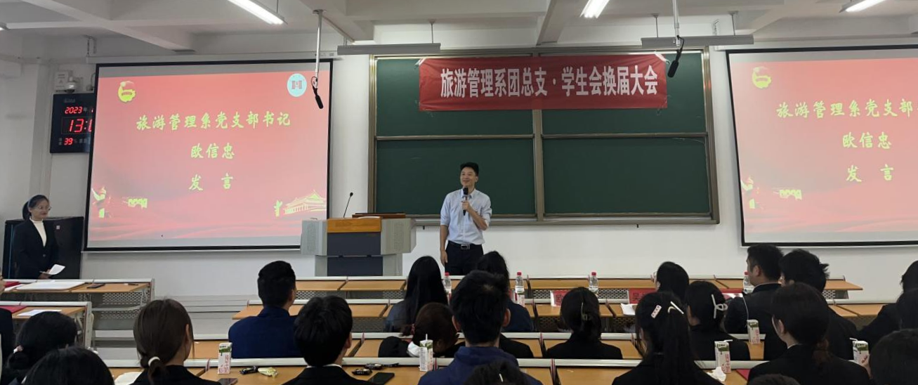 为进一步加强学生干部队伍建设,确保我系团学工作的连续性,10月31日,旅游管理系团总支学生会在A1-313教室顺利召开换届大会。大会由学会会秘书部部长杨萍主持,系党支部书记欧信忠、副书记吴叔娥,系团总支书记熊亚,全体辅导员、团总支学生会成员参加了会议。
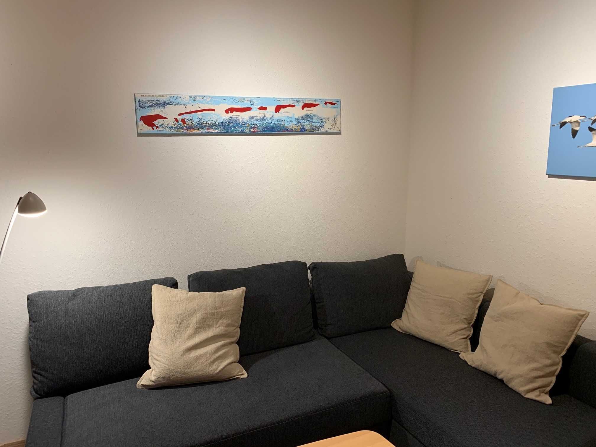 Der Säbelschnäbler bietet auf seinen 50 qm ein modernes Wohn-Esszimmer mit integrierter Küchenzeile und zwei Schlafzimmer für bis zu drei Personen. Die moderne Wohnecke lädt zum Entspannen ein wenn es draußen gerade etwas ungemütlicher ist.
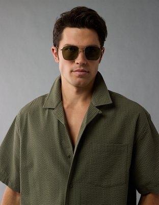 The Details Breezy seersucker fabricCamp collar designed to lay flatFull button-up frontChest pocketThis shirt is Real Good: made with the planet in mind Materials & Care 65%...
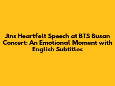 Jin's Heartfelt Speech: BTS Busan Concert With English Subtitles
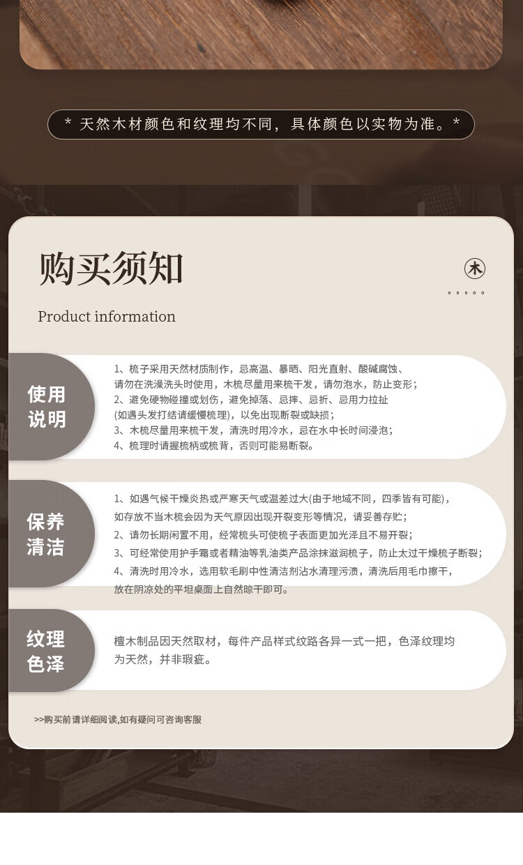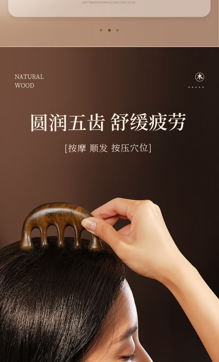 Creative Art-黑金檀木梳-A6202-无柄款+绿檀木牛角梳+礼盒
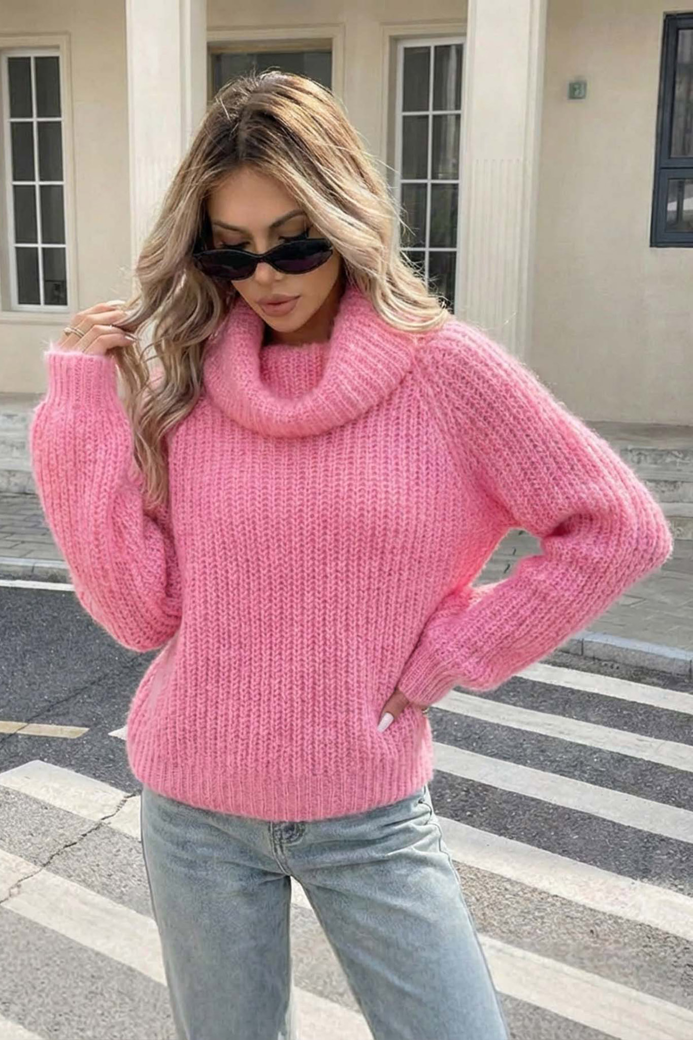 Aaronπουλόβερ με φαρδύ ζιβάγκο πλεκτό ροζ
---
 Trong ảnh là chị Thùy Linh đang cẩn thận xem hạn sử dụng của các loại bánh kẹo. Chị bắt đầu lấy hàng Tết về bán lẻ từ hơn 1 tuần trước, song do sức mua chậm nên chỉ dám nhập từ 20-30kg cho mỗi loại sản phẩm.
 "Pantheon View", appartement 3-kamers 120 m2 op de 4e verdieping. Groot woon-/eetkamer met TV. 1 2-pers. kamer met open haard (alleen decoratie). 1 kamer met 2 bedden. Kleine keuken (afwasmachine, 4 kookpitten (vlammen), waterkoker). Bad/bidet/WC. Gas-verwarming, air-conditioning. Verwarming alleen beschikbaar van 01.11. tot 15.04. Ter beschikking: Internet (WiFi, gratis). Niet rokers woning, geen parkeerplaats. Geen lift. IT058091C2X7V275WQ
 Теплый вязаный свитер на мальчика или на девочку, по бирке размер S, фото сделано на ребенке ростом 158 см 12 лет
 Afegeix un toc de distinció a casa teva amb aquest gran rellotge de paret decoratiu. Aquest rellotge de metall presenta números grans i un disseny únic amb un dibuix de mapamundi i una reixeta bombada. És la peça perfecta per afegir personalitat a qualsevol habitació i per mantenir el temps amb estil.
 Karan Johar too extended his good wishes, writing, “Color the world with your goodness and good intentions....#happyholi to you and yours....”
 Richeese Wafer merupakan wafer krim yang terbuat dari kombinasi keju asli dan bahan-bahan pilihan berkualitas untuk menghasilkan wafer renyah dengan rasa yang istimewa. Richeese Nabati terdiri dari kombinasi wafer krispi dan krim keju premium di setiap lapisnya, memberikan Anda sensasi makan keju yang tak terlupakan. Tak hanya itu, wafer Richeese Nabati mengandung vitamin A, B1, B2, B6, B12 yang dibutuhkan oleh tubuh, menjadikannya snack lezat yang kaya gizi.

Task description ->
Search the listing above for the lines with "Afegeix un toc" and "Karan Johar too", then output those lines and all lines between them exactly.

Response box ->
 Afegeix un toc de distinció a casa teva amb aquest gran rellotge de paret decoratiu. Aquest rellotge de metall presenta números grans i un disseny únic amb un dibuix de mapamundi i una reixeta bombada. És la peça perfecta per afegir personalitat a qualsevol habitació i per mantenir el temps amb estil.
 Karan Johar too extended his good wishes, writing, “Color the world with your goodness and good intentions....#happyholi to you and yours....”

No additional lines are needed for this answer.